---------- Data listing

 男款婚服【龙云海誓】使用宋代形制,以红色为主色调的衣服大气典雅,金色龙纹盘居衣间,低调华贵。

--------------------
---------- Data listing

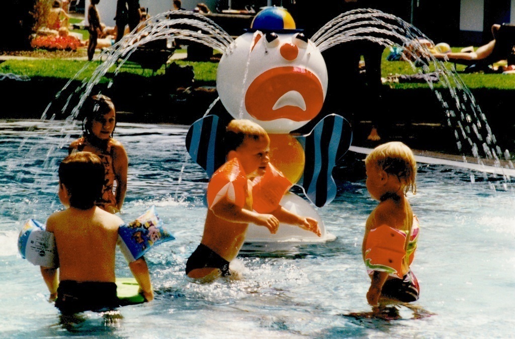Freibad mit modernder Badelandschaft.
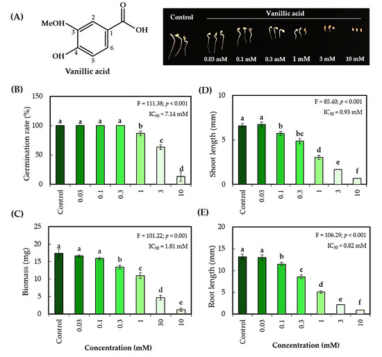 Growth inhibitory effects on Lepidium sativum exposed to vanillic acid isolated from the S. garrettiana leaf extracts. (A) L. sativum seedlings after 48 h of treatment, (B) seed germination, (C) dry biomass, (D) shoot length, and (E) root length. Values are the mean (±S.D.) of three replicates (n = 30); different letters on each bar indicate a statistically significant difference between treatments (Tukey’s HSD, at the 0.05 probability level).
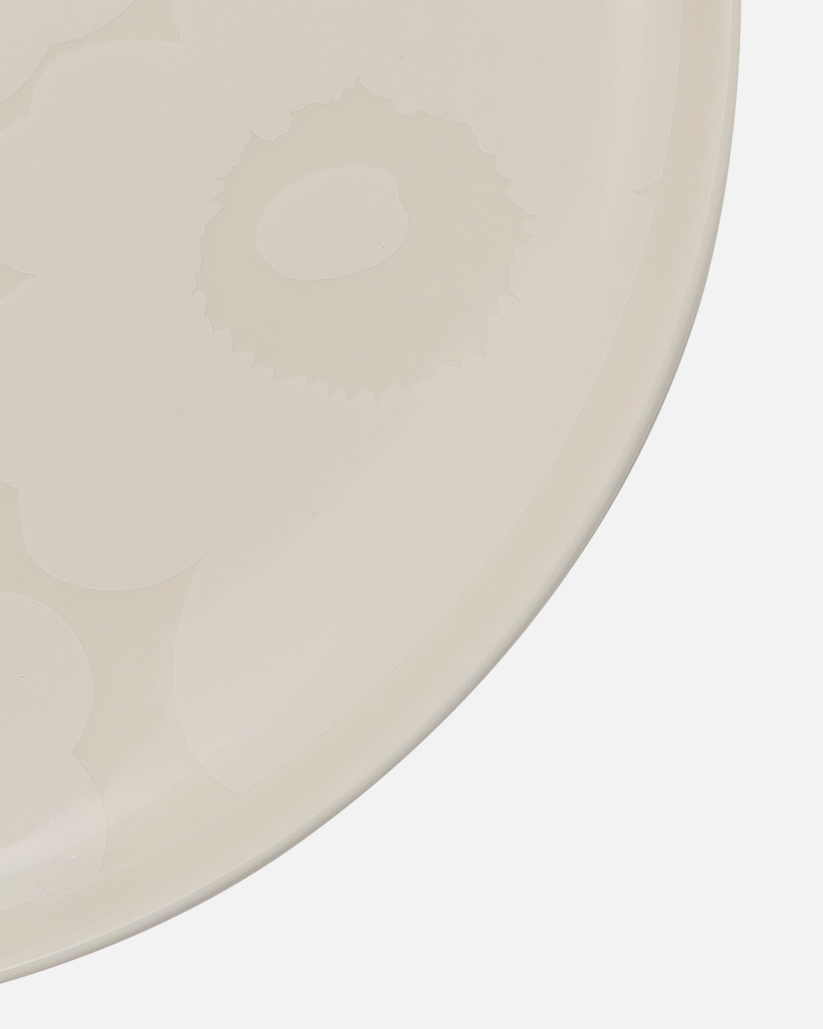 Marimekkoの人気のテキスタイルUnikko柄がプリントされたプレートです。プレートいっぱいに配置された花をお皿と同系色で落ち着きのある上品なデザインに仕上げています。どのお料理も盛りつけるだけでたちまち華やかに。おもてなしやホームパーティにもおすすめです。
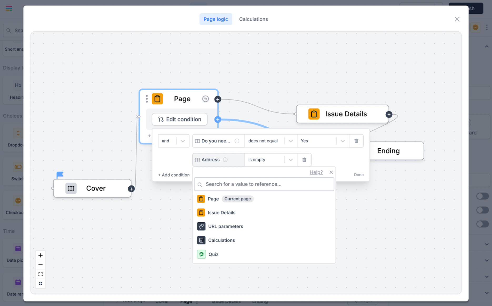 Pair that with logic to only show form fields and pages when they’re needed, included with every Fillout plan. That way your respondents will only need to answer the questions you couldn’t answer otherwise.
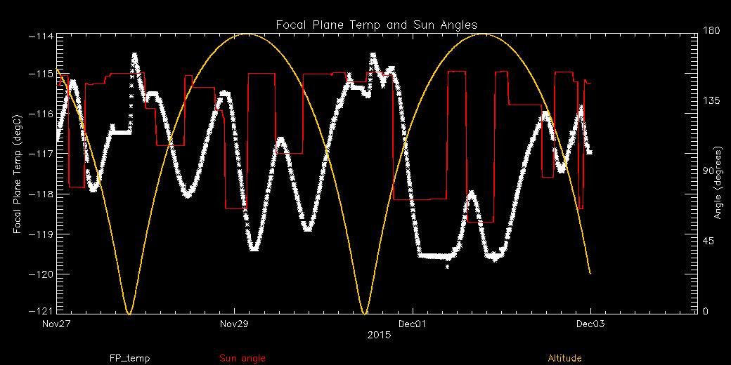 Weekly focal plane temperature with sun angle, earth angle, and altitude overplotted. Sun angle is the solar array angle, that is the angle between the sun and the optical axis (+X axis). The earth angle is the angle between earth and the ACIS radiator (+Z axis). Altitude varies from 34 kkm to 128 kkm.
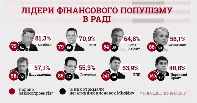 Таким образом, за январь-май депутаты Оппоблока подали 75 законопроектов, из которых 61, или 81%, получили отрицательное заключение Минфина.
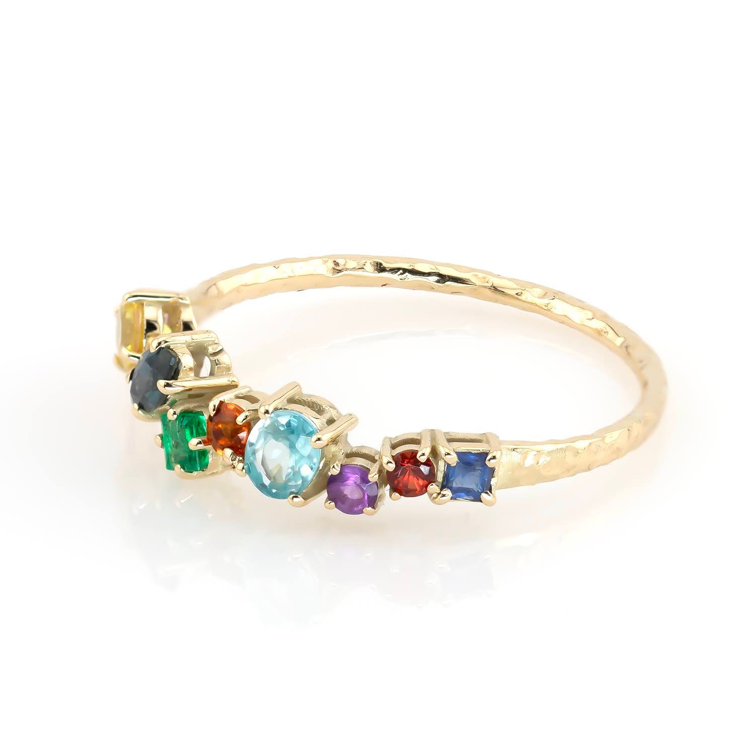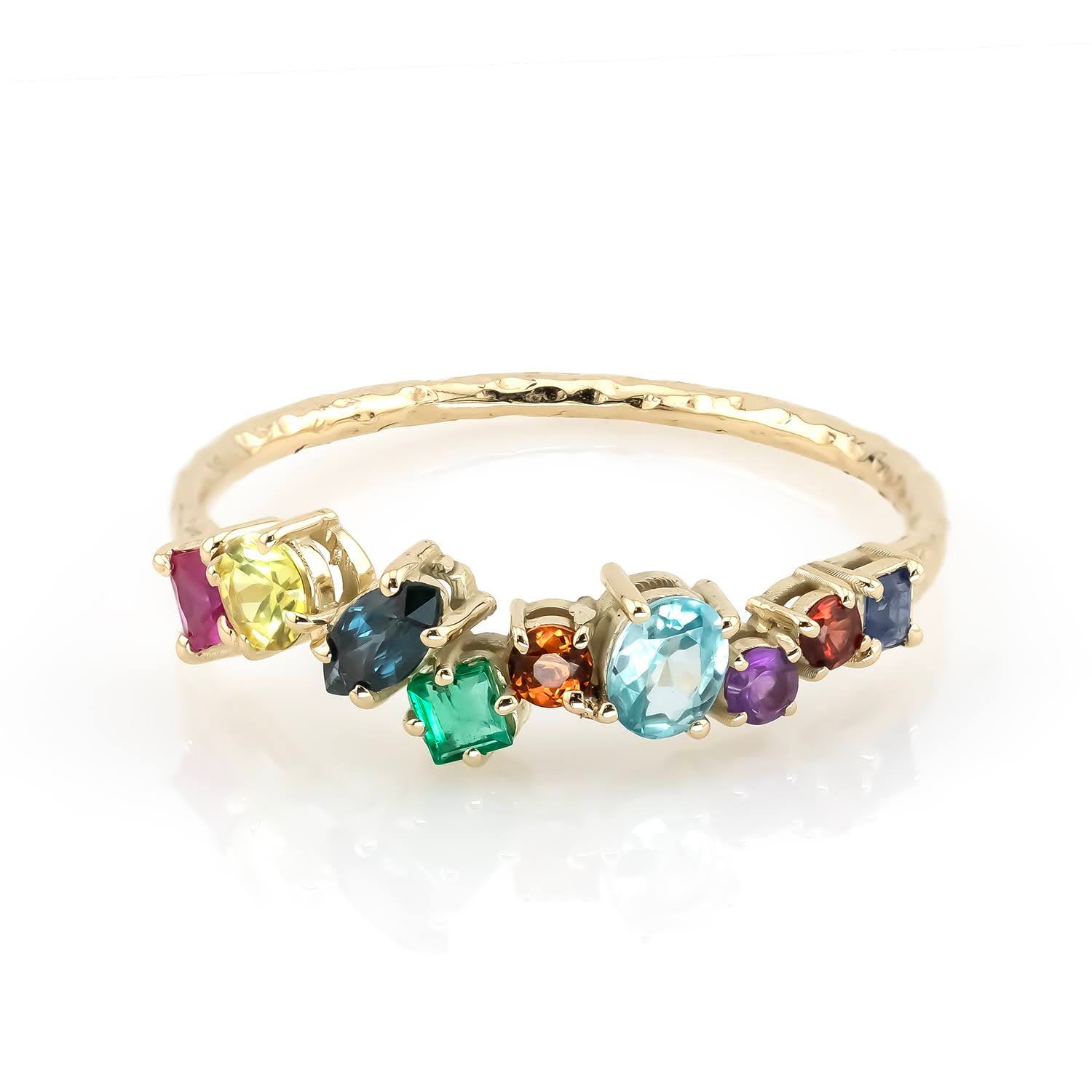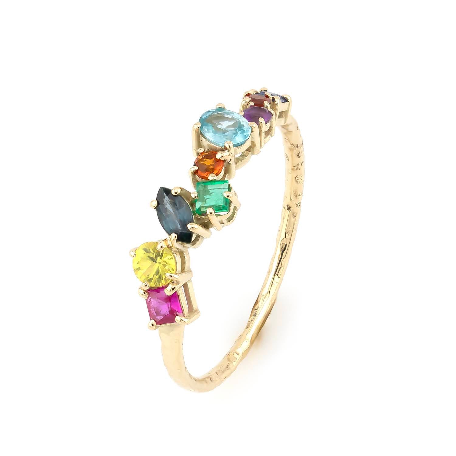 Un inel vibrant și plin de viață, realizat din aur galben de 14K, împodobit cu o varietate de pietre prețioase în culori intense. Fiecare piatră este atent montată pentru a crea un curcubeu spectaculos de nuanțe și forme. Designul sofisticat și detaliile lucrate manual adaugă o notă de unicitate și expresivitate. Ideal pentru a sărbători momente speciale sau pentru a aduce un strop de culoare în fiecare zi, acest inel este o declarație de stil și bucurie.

--------------------
---------- Data listing

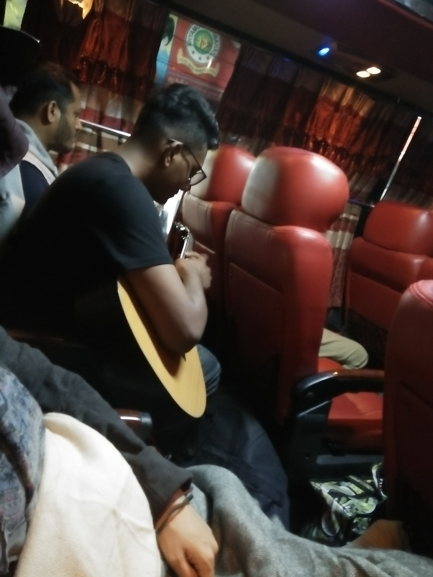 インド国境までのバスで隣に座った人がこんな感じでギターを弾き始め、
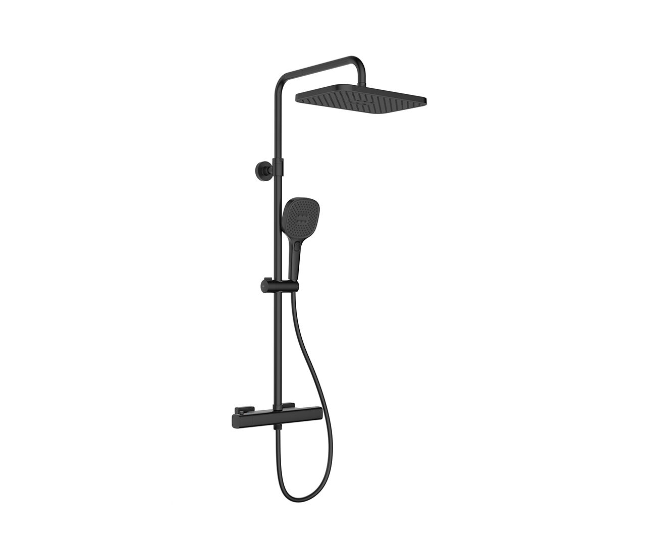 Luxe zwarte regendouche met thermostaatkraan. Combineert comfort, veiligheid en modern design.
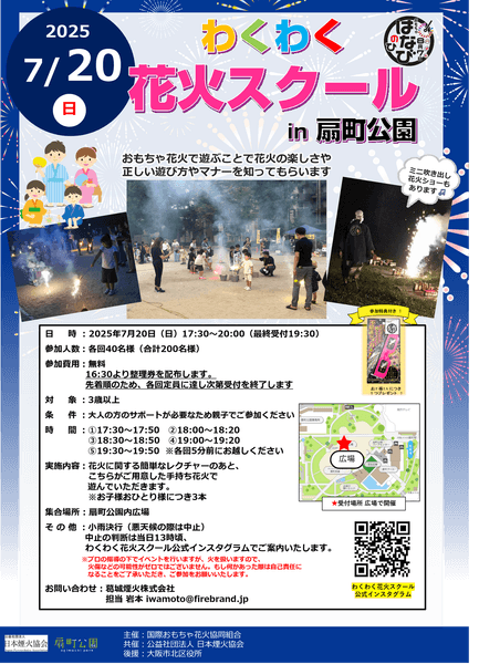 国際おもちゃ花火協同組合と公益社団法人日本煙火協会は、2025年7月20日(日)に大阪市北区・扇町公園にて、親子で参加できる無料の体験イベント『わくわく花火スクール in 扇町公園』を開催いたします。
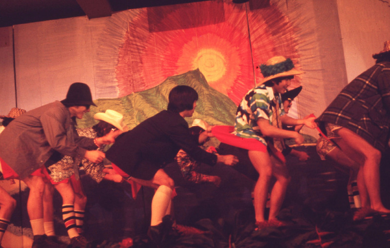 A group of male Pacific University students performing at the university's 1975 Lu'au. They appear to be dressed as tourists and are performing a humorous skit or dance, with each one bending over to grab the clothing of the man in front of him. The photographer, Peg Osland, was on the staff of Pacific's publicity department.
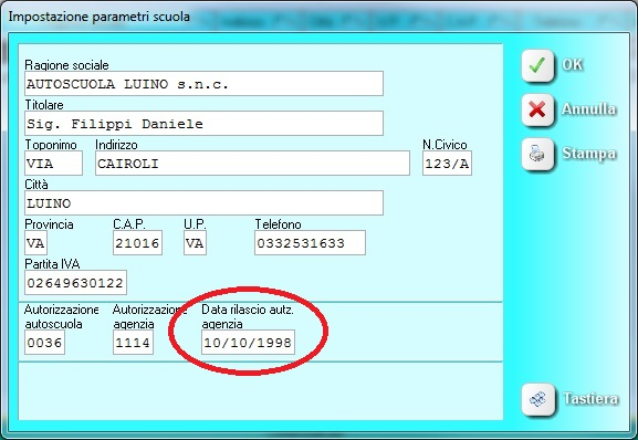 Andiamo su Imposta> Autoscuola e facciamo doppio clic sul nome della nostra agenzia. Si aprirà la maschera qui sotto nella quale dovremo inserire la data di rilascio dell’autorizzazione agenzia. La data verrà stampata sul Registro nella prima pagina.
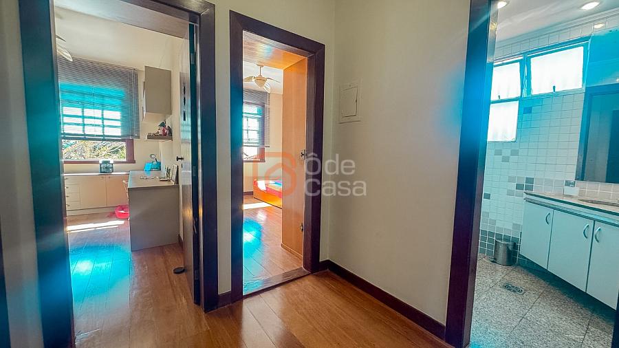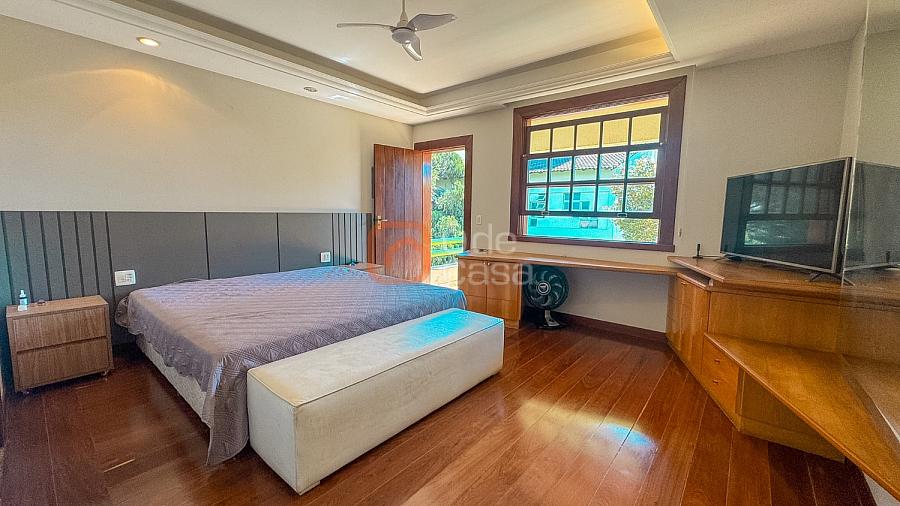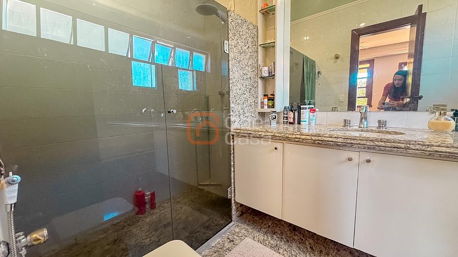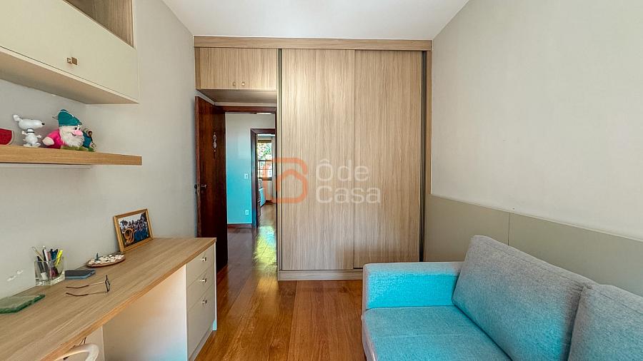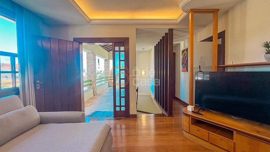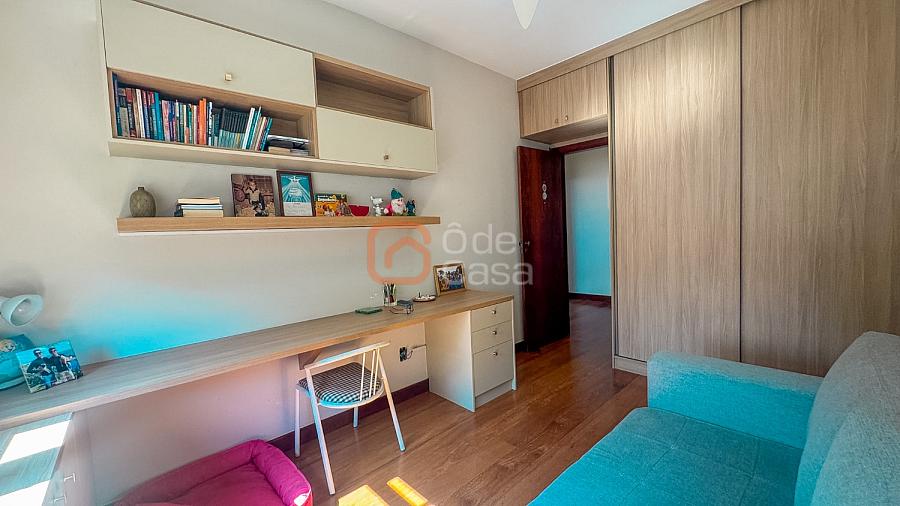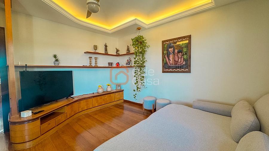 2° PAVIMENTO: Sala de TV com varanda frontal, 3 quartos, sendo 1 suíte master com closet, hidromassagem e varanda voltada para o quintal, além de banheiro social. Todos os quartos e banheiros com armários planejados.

--------------------

In the data above, find the line with "インド国境までのバスで隣に座った人がこんな感じでギターを弾き始め、" and the line with "Andiamo su Imposta>". Please copy exactly those two lines and every line between them, but not the pictures.

 インド国境までのバスで隣に座った人がこんな感じでギターを弾き始め、
 Luxe zwarte regendouche met thermostaatkraan. Combineert comfort, veiligheid en modern design.
 国際おもちゃ花火協同組合と公益社団法人日本煙火協会は、2025年7月20日(日)に大阪市北区・扇町公園にて、親子で参加できる無料の体験イベント『わくわく花火スクール in 扇町公園』を開催いたします。
 A group of male Pacific University students performing at the university's 1975 Lu'au. They appear to be dressed as tourists and are performing a humorous skit or dance, with each one bending over to grab the clothing of the man in front of him. The photographer, Peg Osland, was on the staff of Pacific's publicity department.
 Andiamo su Imposta> Autoscuola e facciamo doppio clic sul nome della nostra agenzia. Si aprirà la maschera qui sotto nella quale dovremo inserire la data di rilascio dell’autorizzazione agenzia. La data verrà stampata sul Registro nella prima pagina.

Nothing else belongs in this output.